Inspired from the above discussion, the cognitive radio concept can be well utilized to reuse the unused radio spectrum to transreceive the medical images efficiently in real-time telemedicine applications. However, as mentioned earlier, security will be the primary concern for achieving the efficient trans-reception of medical files [32]. Hence, this paper proposes a novel approach to combine the CR concept and image encryption algorithm to transmit the bio-inspired biomedical images efficiently and securely. The proposed approach comprises two phases namely, security phase and transreception phase. In the security phase, a Quadra layer security scheme is designed based on DNA and chaotic sequences [14,15,16, 20, 22, 23, 34, 40]. In the second phase, spectrum sensing concept is used to effectively transmit the encrypted medical image.

2 Methodology

The proposed approach has two phases namely, security phase and transreception phase.

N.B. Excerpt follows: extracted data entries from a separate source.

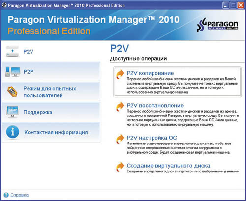 Компания Paragon Software выпустила обновленную версию Virtualization Manager. Программный продукт, предоставляющий пользователям все возможности для виртуализации и миграции рабочих станций и серверов, представлен в двух версиях: Professional и Corporate. Virtualization Manager представляет собой программное решение, объединяющее в одном пакете сразу несколько технологий. Прежде всего, продукт обладает широким набором функций для работы с жесткими дисками, оставшимся в наследство от флагманского решения компании — Paragon Partition Manager. Другая важная составляющая Virtualization Manager — разнообразные технологии для обеспечения миграции и виртуализации, которые были разработаны и внедрены российскими специалистами Paragon Software в последние годы. В частности, технология P2V, лежащая в основе Virtualization Manager, которая позволяет виртуализировать физические машины (рабочие станции и серверы). Это как классическая миграция в виртуальную среду (P2V Copy), так и перенос программного обеспечения из резервной копии системного диска в виртуальную машину (P2V Restore). Другая технология, входящая в Virtualization Manager, обеспечивает адаптацию старой операционной системы к новому оборудованию (P2P) при переносе операционной системы на новый компьютер.
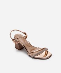 • Cabedal com tiras finas, sendo uma delas com aplicação de strass para um toque de brilho.
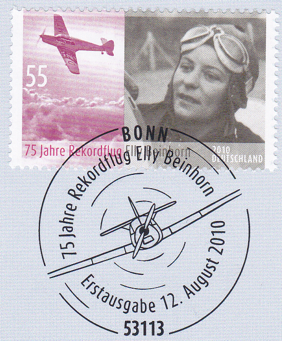 Auf dieser Marke aus Berlin (MiNr 594) ist eine Messerschmitt Bf 108 abgebildet.
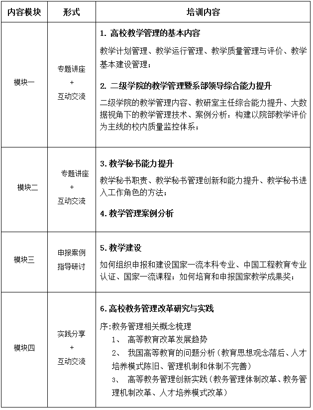 在教育改革大背景下,为加强教学管理队伍建设,提高教学管理人员的综合素质和业务能力,提升教学管理能力和水平更好地履行岗位职责。打造一支职业素养高、业务能力强的教学管理人员及教学秘书队伍,服务高校教学管理和高等教育教学改革与发展的需要。经研究,我单位决定举办“高校教务管理创新暨教学管理人员与教学秘书业务技能提升研修班”。现将相关事宜函告如下,望各院校积极支持和配合,组织相关教师参加。
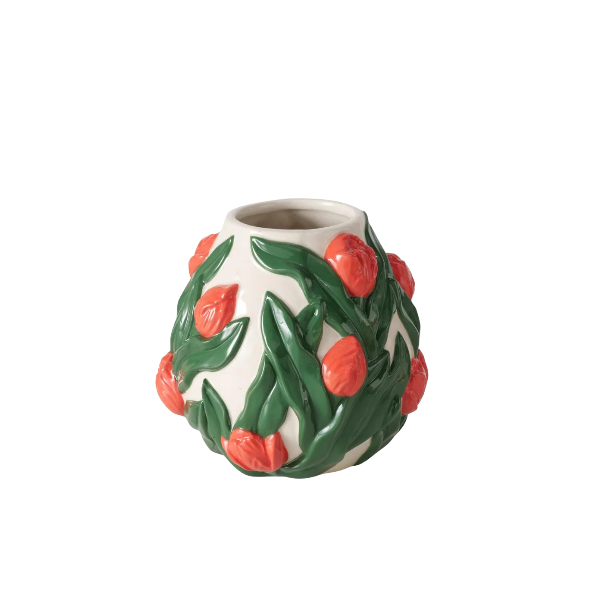 Deze porseleinen tulpenvaas is een echte eyecatcher. Het speelse design laat bloemen mooi uitkomen, maar ook zonder bloemen staat hij stijlvol als decorstuk.
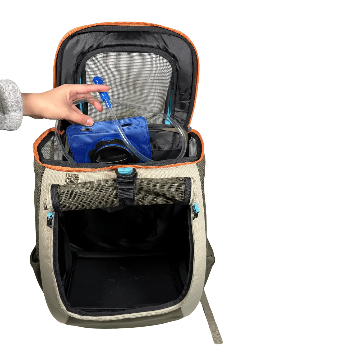 The backpack includes multiple storage pockets so you can bring everything your cat needs on the journey, including treats, supplies, or a water reservoir for longer outings. Flexible side pockets make it easy to carry water bottles or small essentials while keeping your hands free.
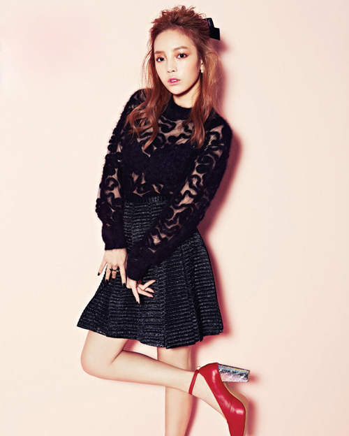 【中国鞋网-名人图库】KARA成员具荷拉日前携手某时尚杂志拍摄一组写真,身着带有蝴蝶结装饰的淑女装以魅惑眼神,展现了性感又惹人爱的少女面貌。(合作媒体:)
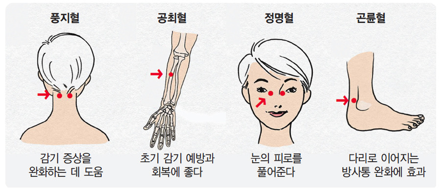 - 곤륜혈 : 발목에 위치한 혈자리로, 호흡기 문제에 효과적이에요.
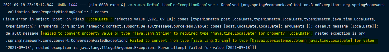 Post의 LocalDate이 String으로 들어오는 localDate을 LocalDate으로 변환하지 못하면서 에러가 나는 것이다. @DataTimeFormat을 사용하면 해결 가능하다.
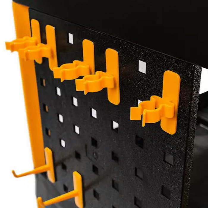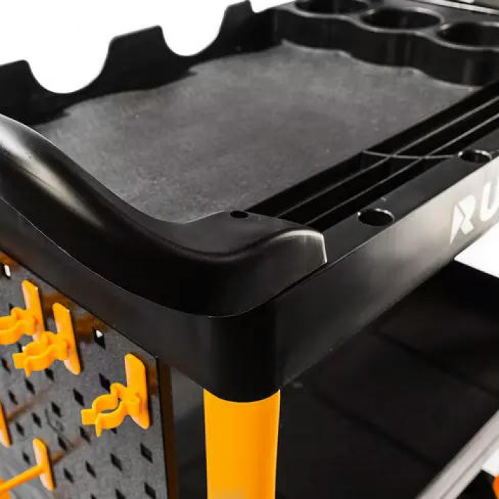 Легкая конструкция из полипропилена оснащена ребрами жесткости. Тележка устойчива к коррозии и механическим повреждениям. Маневренность и устойчивость за счет поворотных колес из резины. 2 рукоятки анатомической формы для удобства перемещения. Подвесной карман, крючки и зажимные держатели позволяют удобно организовать хранение. 12 углублений в полках для хранения мелких деталей и расходных материалов. Максимальная нагрузка на тележку — 200 кг.

In the security phase, a four level security scheme based on DNA encoding, DNA addition and subtraction, 1D logistic map and PWLCM map is proposed [34]. In the transreception phase, the spectrum sensing concept using cognitive radio is utilized to efficiently transreceive the encrypted medical image.

2.1 Security phase

The overall working model of the encryption algorithm is shown in Fig. 1.

Fig. 1

Block diagram of proposed image encryption algorithm

2.1.1 DNA coding

DNA sequence composes four bases namely Adenine (A), Guanine (G), Thymine (T) and Cytosine (C). Among these bases, A and T are complementary, G and C are complementary to each other. Watson and Crick [37], framed a structure in which one member of a pair of bases must always be a purine, and the other should be pyrimidine to bridge the two chains in DNA structure. Hence, the following conditions prevail:

• Adenine can only pair with thymine, and guanine only with cytosine.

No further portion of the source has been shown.